Analysts say the limited capacity at refineries is the result of bad weather, COVID-19 and Russia’s war in Ukraine.
According to AAA, California has the nation’s most expensive gas — at a staggering $6.37 — followed by Nevada ($5.52), Hawaii ($5.48) and Oregon and Washington ($5.46). File Photo by Terry Schmitt/UPI | License Photo
Gas prices in the United States have swung upward again, due mainly to rising summer demand and limited capacity at refineries worldwide.
The average price for a gallon of gasoline surged early Tuesday to about $4.92 — about 6 cents higher than Monday’s average, according to AAA.
For weeks, each increase has set a new all-time high for the cost of gas in the United States.
On Monday, the national average was $4.86 per gallon. A week ago, that mark was $4.62 and a month ago it was $4.30 — meaning the average has soared by 62 cents over the past four weeks. A year ago, the average was $3.05 per gallon.
According to AAA, California has the nation’s most expensive gas — at a staggering $6.37 — followed by Nevada ($5.52), Hawaii ($5.48) and Oregon and Washington ($5.46).
As of Tuesday, 10 states had averages above $5 per gallon.
Georgia has the nation’s least-expensive gas, at $4.33, followed by Arkansas ($4.45), Mississippi ($4.46) and Louisiana ($4.48).
With a traditional rise in demand over the summer months, many analysts believe that the national average will eclipse $5 per gallon.
“After a blistering week of gas prices jumping in nearly every town, city, state and area possible, more bad news is on the horizon,” Patrick De Haan, GasBuddy’s head of petroleum analysis, said in a statement Monday. “It now appears not if, but when, we’ll hit that psychologically critical $5 national average.
“[It] doesn’t look to improve drastically anytime soon.”
A refinery is seen in Carson, Calif., on April 21, 2021. Limited capacity at refineries worldwide — resulting from bad weather, COVID-19 and the Russian war in Ukraine — is having a direct effect on gas prices in the U.S. File Photo by Jim Ruymen/UPI
Demand is only part of the reason for the rising prices. Limited capacity at U.S. and foreign refineries is also having a significant influence on prices at the pump.

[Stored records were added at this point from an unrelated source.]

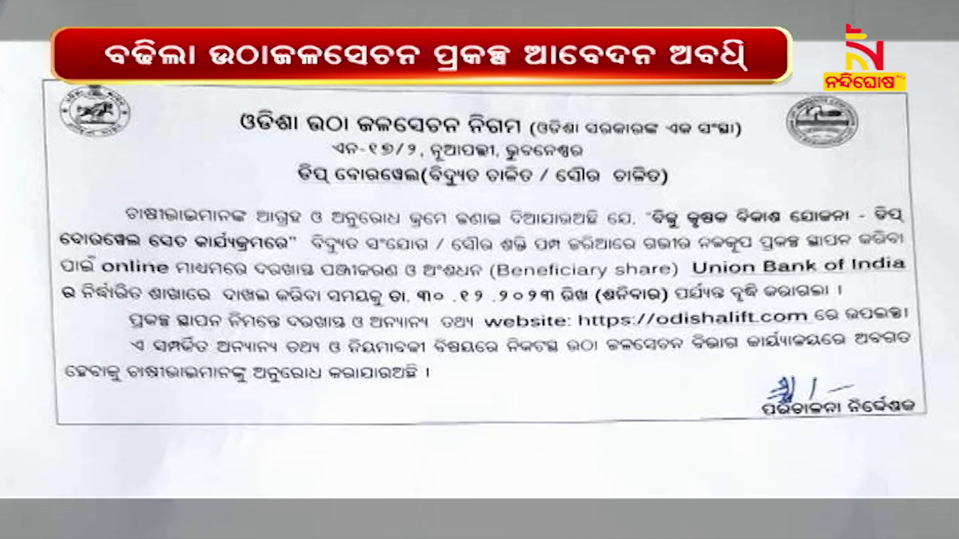 ଉମରକୋଟ: କଥା ରଖିଲେ ସରକାର। ଚାଷୀଙ୍କୁ ମିଳିଲା ଆଶ୍ୱସ୍ତି। ଓଡ଼ିଶା ଉଠା ଜଳସେଚନ ନିଗମ ଦ୍ଵାରା ବିଜୁ କୃଷକ ବିକାଶ ଯୋଜନାରେ ଡିପ୍ ବୋରୱେଲ ସେଚ କାର୍ଯ୍ୟକ୍ରମ ମାଧ୍ୟମରେ ବିଦ୍ୟୁତ୍ ସଂଯୋଗ ଓ ସୌର ଶକ୍ତି ପମ୍ପ ଜରିଆରେ ଗଭୀର ନଳକୂପ ପ୍ରକଳ୍ପ ସ୍ଥାପନ କରିବାକୁ ଆବେଦନ ପାଇଁ ଥିବା ଦରଖାସ୍ତ ଓ ପଞ୍ଜିକରଣ ତାରିଖ୍ ଘୁଞ୍ଚିଲା। ଡିସେମ୍ବର ୨୨ ରୁ ୩୦ କୁ ଘୁଞ୍ଚାଇଲେ ସରକାର । ଆସନ୍ତା ୩୦ ତାରିଖ ପର୍ଯ୍ୟନ୍ତ ବ୍ୟାଙ୍କ୍ ରେ ଡିପୋଜିଟ କରି ପାରିବେ ଚାଷୀ।ଚାଷ ଜମିରେ ନଳକୂପ ଖୋଳିବା ପାଇଁ ଅନ ଲାଇନ୍ ଆବେଦନ ତାରିଖ ପ୍ରଥମେ ୧୬ ଥିଲା । କେବଳ ଗୋଟିଏ ବ୍ୟାଙ୍କରେ ଡିପୋଜିଟ କରିବାକୁ ବିଭାଗ ତରଫରୁ ନିୟମ ଥିଲା । ଏହାପରେ ସମୟ ସୀମାକୁ ୨୨ ତାରିଖ କୁ ସମ୍ପ୍ରସାରଣ କରାଗଲା । କିନ୍ତୁ ଏହି ସମୟ ସୀମା କୁ ଆହୁରି ଅଧିକ ସମୟ ବଢ଼ାଇବା ପାଇଁ ଚାଷୀମାନେ ସରକାର ଙ୍କୁ ଅନୁରୋଧ କରିଥିଲେ । ଶେଷରେ ଆସନ୍ତା ୩୦ ତାରିଖକୁ ଶେଷ ଅବଧି ସମୟ ବୃଦ୍ଧି କରାଯାଇଛି। ସମୟ ସୀମା ବଢାଇଥିବାରୁ ଚାଷୀମାନେ ମୁଖ୍ୟମନ୍ତ୍ରୀଙ୍କ ସହ 5T ଅଧ୍ୟକ୍ଷ କାର୍ତ୍ତିକ ପାଣ୍ଡିଆନଙ୍କୁ ଧନ୍ୟବାଦ ଜଣାଇଛନ୍ତି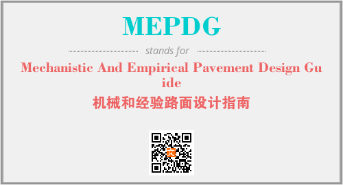 英文缩略词“MEPDG”经常作为“Mechanistic And Empirical Pavement Design Guide”的英文缩写来使用,中文表示:“机械和经验路面设计指南”。本文将详细介绍英文缩写词MEPDG所代表英文单词,其对应的中文拼音、详细解释以及在英语中的流行度。此外,还有关于缩略词MEPDG的分类、应用领域及相关应用示例等。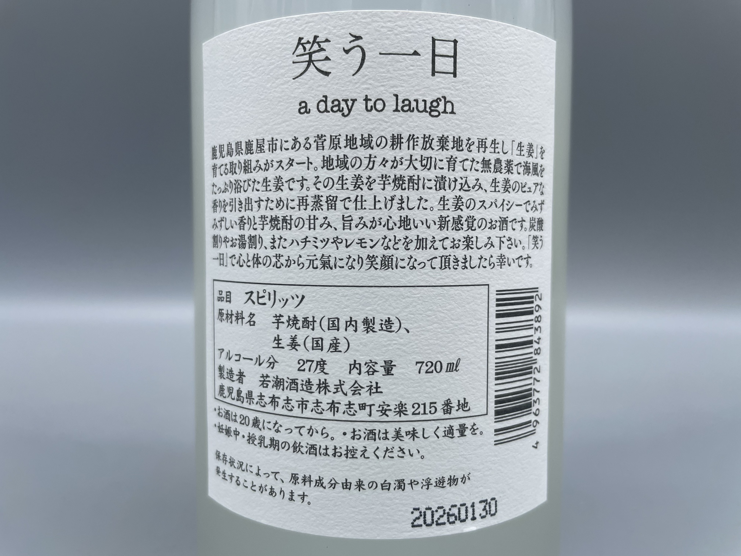 鹿児島県鹿屋市の「耕作放棄地甦りプロジェクト」で栽培された無農薬の生姜を使用し、ワイン酵母の芋焼酎に香りづけしたお酒。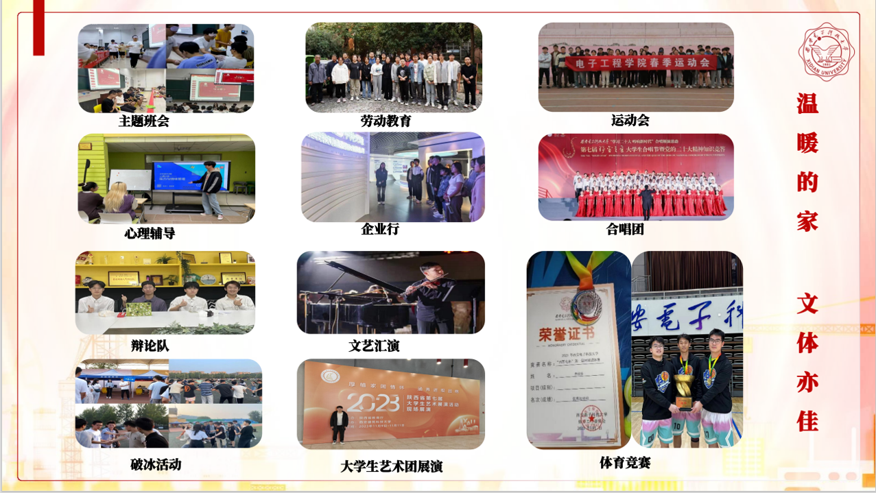 志在,愿在,我在,同學們的志愿活動隨處都在。在志愿服務、暑期支教,無償獻血等現場上,都能看到同學們的身影,他們積極參加志愿服務,以奮斗詮釋責任擔當,用奉獻書寫不凡篇章。他們熱愛藝術與生活,包容自由,才華橫溢,在音樂、攝影、繪畫、主持、辯論、演講等方面百花齊放;他們注重培養良好的衛生生活習慣,獲得9項先進宿舍的稱號。同學有嚴格的紀律和高昂的斗志,在軍訓中獲得了4項“軍訓優秀學員”的稱號。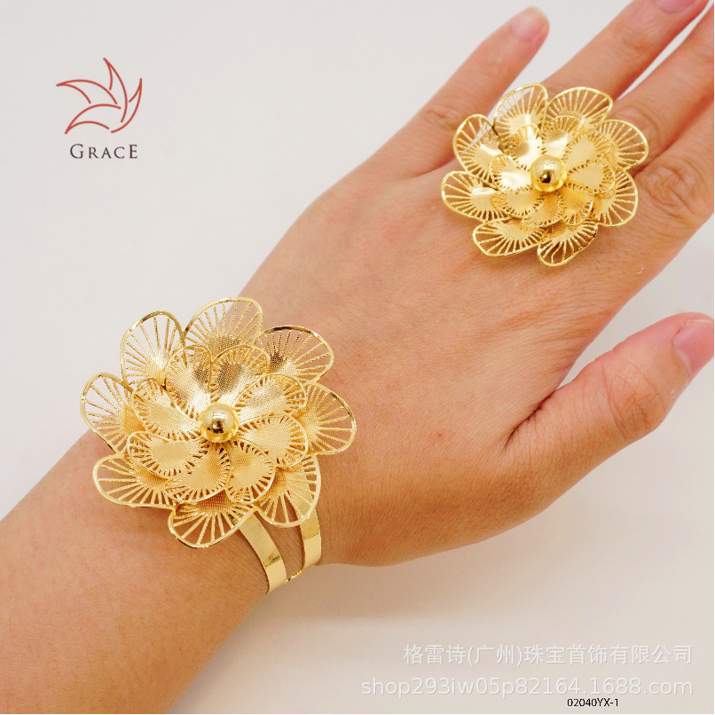 Cross-Border Flower Hollow Bracelet Ring Set for Women Dubai India Nigeria Open Ring Wedding Jewelry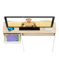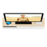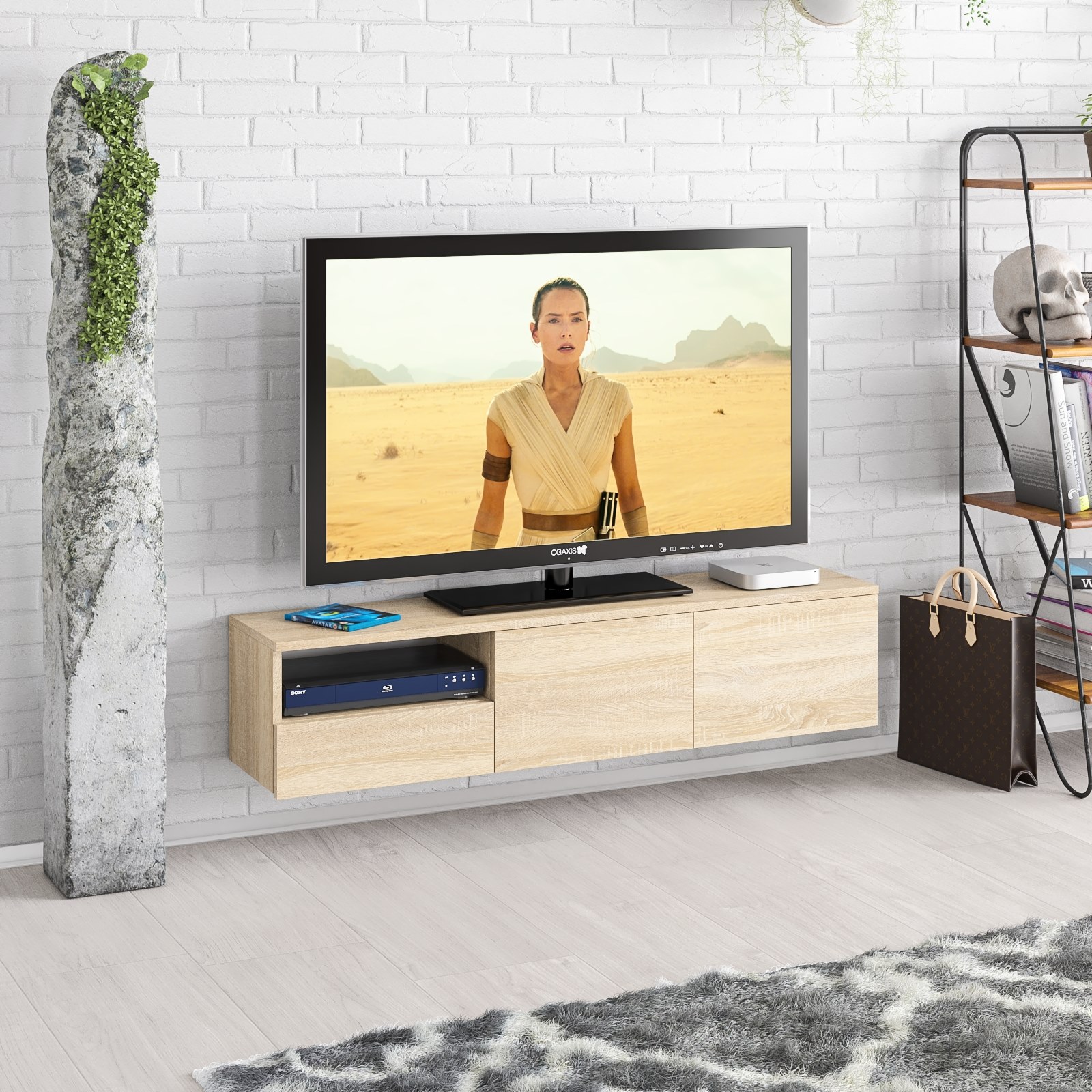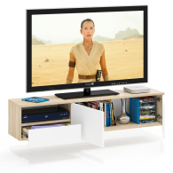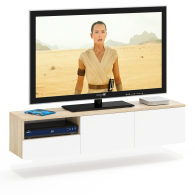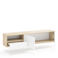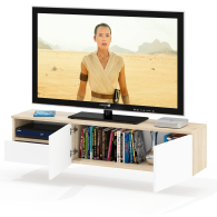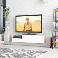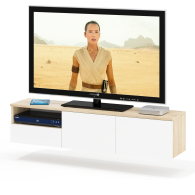 Тумба удобно размещается на стене под телевизором, освобождая пространство на полу и придавая интерьеру лёгкость. Слева находится открытая ниша для техники и аксессуаров, под ней — выдвижной ящик на шариковых направляющих для хранения мелочей. Справа расположено отделение за двумя распашными дверками, идеально подходящее для скрытого хранения. Благодаря подвесной конструкции тумба создаёт ощущение простора и облегчает уборку под ней. Сборка не универсальная — открытая ниша и выдвижной ящик всегда располагаются только слева. Фасады не имеют ручек — открывание ящика и дверок осуществляется за край. Крепление к стене осуществляется с помощью трёх угловых навесов, обеспечивающих надёжную фиксацию.

The limited capacity is a result of several factors, experts say. They note that some refineries were closed during the worst of the COVID-19 pandemic, while others closed or restricted production due to severe weather events and market conditions related to cleaner fuels. Russia’s war in Ukraine forced more refineries overseas to shut down. All of those factors influence the cost of gas in the United States.
“It takes many months of planning and work and money to restart one and companies have to be sure there’s long-term demand,” John Mayes, vice president for the energy consulting firm Turner, Mason & Co., told USA Today.
Andy Lipow, president of Lipow Oil Associates, said the start of the 2022 hurricane season means that any major storm in the Gulf of Mexico could further affect refineries and lead to higher prices.
“A major storm making landfall along the Gulf Coast, where 15% of the nation’s oil production and over 45% of the nation’s refinery capacity is located, can result in a significant supply disruption sending prices even higher,” Lipow told Fox Business.
Economists at Bank of America say that higher gas prices disproportionately affect poorer households the most.
The analysts say that data show that average gas spending per household increased to almost 8% for the week ending May 28. For homes with an income lower than $50,000, that average is close to 10%.